The data

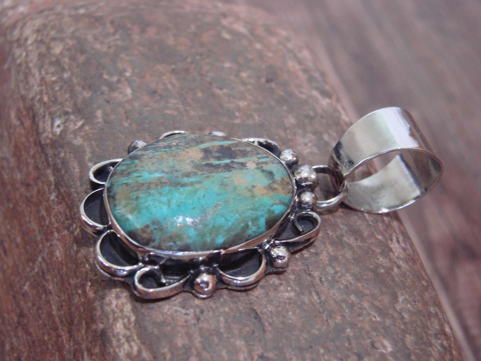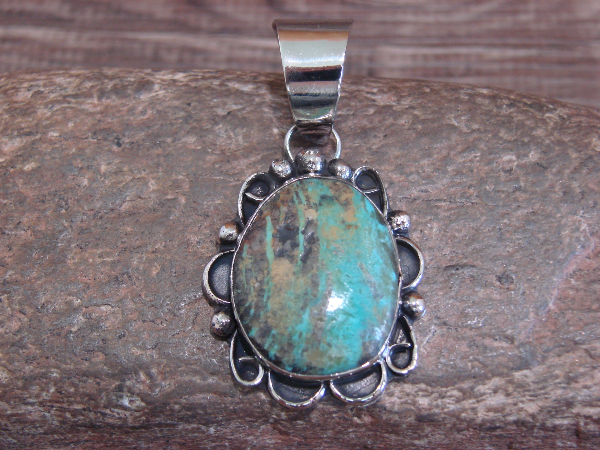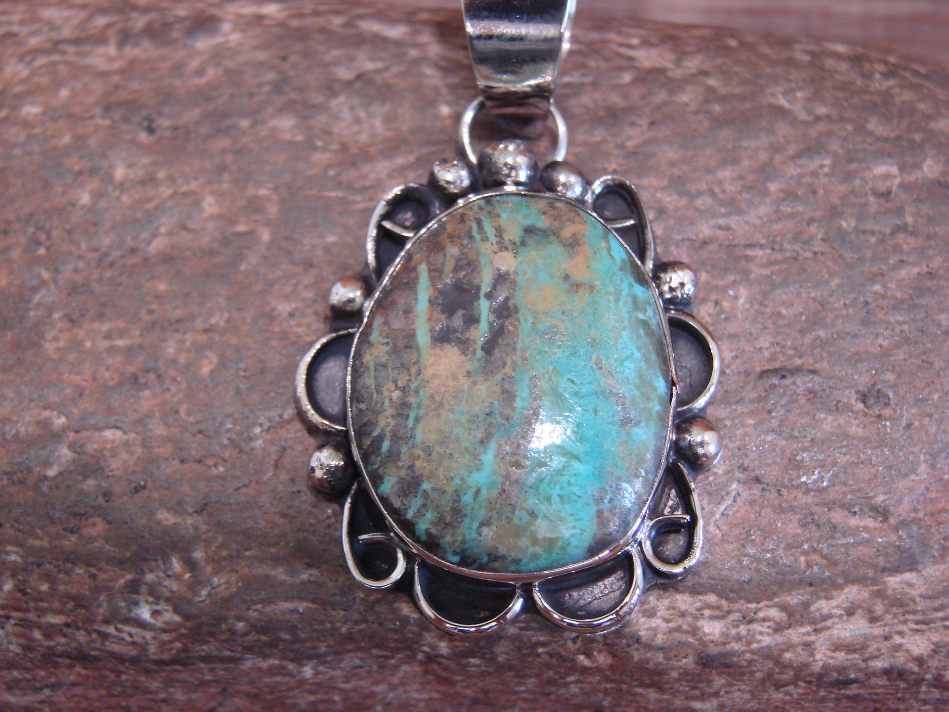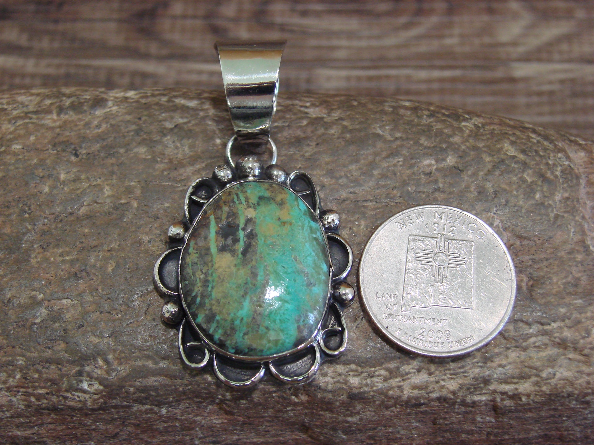 Native American Navajo Nickel Silver & Turquoise Pendant - Cleveland
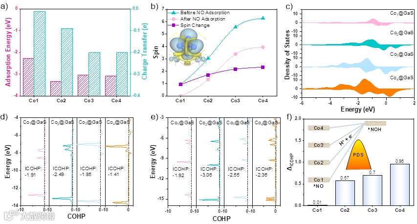 图6. NO分子在Co基体系上的吸附能和相应的电荷转移(a)、TM簇在NO吸附前后的自旋变化和Co4@GaS的自旋密度差图(b)、Co基体系的DOS分析(c)、TM簇与*NO/*NOH在Co基体系上的COHP分布(d-e),以及*NO与*NOH之间的ICOHP (ΔICOHP)差异(f)。
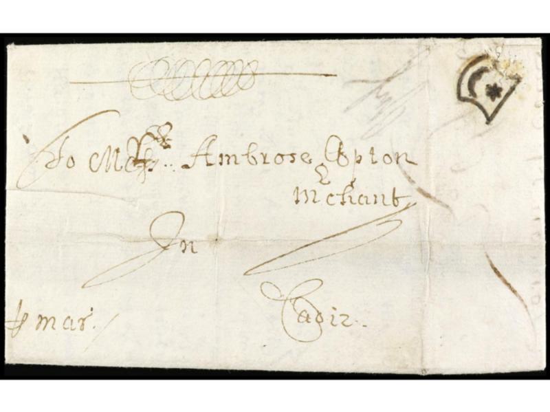 ESPAÑA: PREFILATELIA. 1685 (17 marzo). LONDRES a CADIZ. Carta completa con texto, manuscrita ´por mar´ y marca al dorso con una media luna y una estrella estampada por un mensajero privado. Excepcional en el siglo XVII a dia de hoy única. Ex. FOSTER BOND, MERONI y WILLCOCK´S.

Required action
Extract every line of the data exactly; pictures stay out.

Exercise answer
 Native American Navajo Nickel Silver & Turquoise Pendant - Cleveland
 图6. NO分子在Co基体系上的吸附能和相应的电荷转移(a)、TM簇在NO吸附前后的自旋变化和Co4@GaS的自旋密度差图(b)、Co基体系的DOS分析(c)、TM簇与*NO/*NOH在Co基体系上的COHP分布(d-e),以及*NO与*NOH之间的ICOHP (ΔICOHP)差异(f)。
 ESPAÑA: PREFILATELIA. 1685 (17 marzo). LONDRES a CADIZ. Carta completa con texto, manuscrita ´por mar´ y marca al dorso con una media luna y una estrella estampada por un mensajero privado. Excepcional en el siglo XVII a dia de hoy única. Ex. FOSTER BOND, MERONI y WILLCOCK´S.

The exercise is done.